- _Task brief_
Restate the whole listing below word for word and keep the images out.

- _Available data_
== == ==
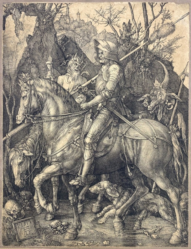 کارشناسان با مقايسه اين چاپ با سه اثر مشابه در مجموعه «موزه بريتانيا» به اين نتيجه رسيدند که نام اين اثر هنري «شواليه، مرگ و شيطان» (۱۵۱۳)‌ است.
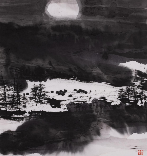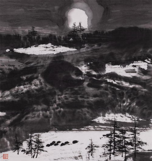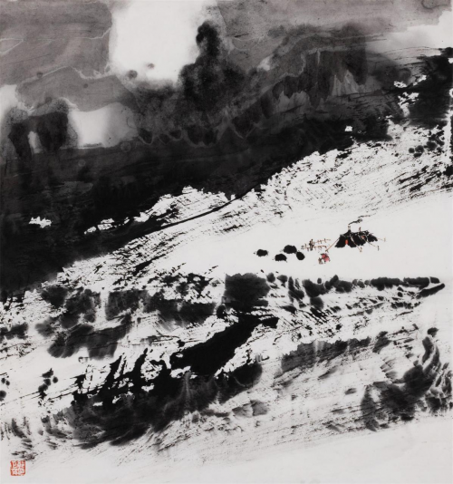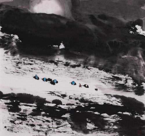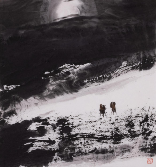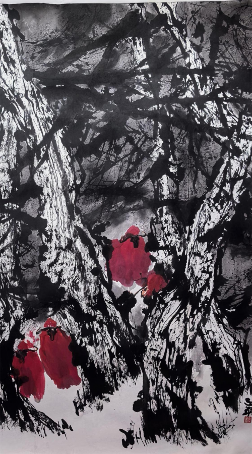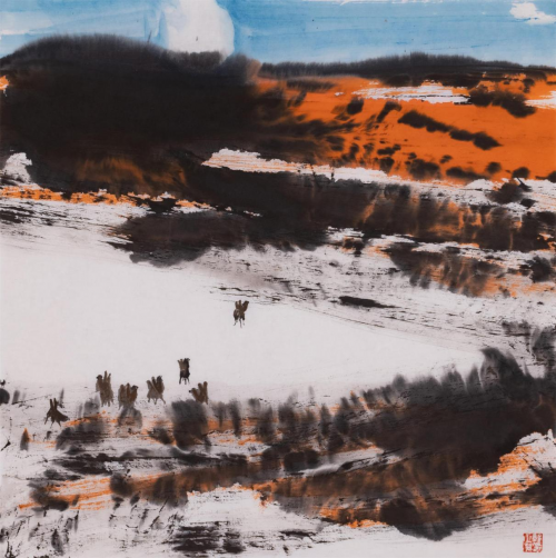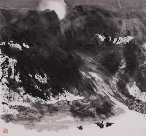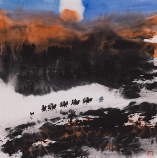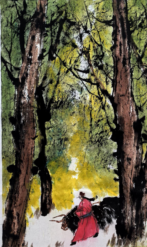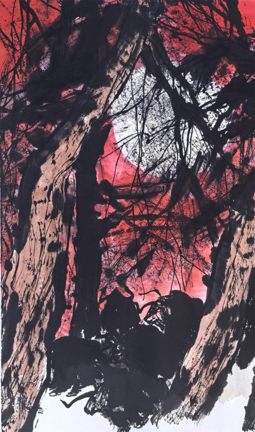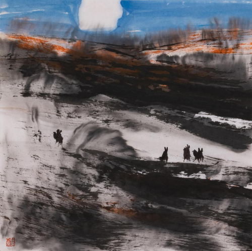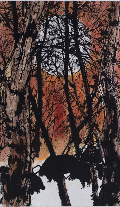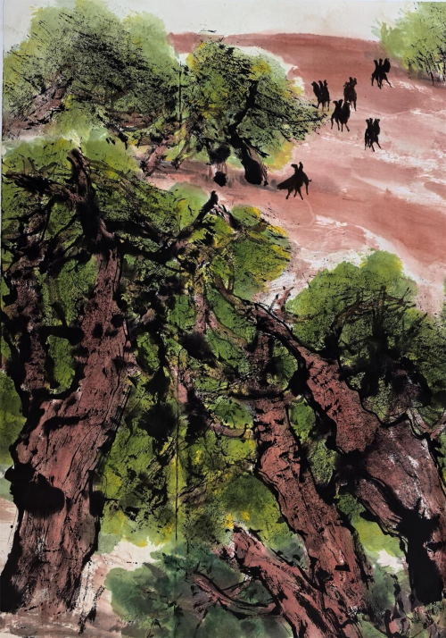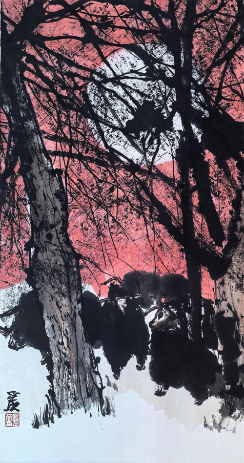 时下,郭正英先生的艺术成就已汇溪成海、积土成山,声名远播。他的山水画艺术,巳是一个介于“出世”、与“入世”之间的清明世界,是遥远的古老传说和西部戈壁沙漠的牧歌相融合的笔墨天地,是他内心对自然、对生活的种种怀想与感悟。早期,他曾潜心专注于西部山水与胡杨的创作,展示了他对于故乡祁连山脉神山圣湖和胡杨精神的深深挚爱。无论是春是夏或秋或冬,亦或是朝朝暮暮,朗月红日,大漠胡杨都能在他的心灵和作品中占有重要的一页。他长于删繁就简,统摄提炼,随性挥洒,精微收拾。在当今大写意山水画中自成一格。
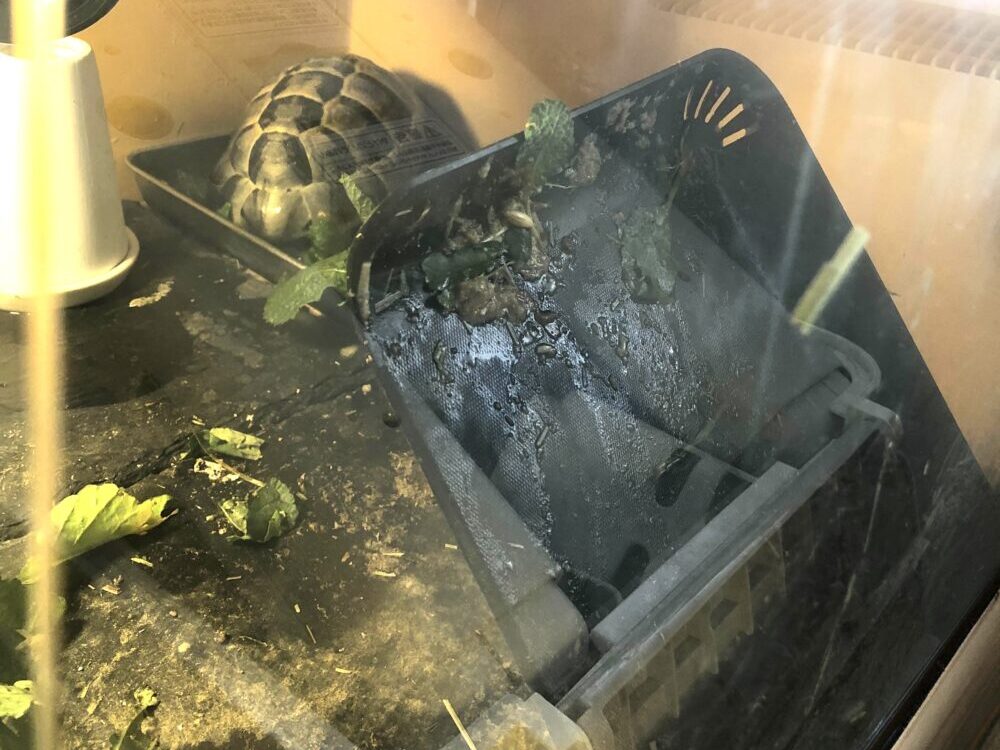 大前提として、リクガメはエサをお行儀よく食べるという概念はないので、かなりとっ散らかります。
== == ==
- _Output_
 کارشناسان با مقايسه اين چاپ با سه اثر مشابه در مجموعه «موزه بريتانيا» به اين نتيجه رسيدند که نام اين اثر هنري «شواليه، مرگ و شيطان» (۱۵۱۳)‌ است.
 时下,郭正英先生的艺术成就已汇溪成海、积土成山,声名远播。他的山水画艺术,巳是一个介于“出世”、与“入世”之间的清明世界,是遥远的古老传说和西部戈壁沙漠的牧歌相融合的笔墨天地,是他内心对自然、对生活的种种怀想与感悟。早期,他曾潜心专注于西部山水与胡杨的创作,展示了他对于故乡祁连山脉神山圣湖和胡杨精神的深深挚爱。无论是春是夏或秋或冬,亦或是朝朝暮暮,朗月红日,大漠胡杨都能在他的心灵和作品中占有重要的一页。他长于删繁就简,统摄提炼,随性挥洒,精微收拾。在当今大写意山水画中自成一格。
 大前提として、リクガメはエサをお行儀よく食べるという概念はないので、かなりとっ散らかります。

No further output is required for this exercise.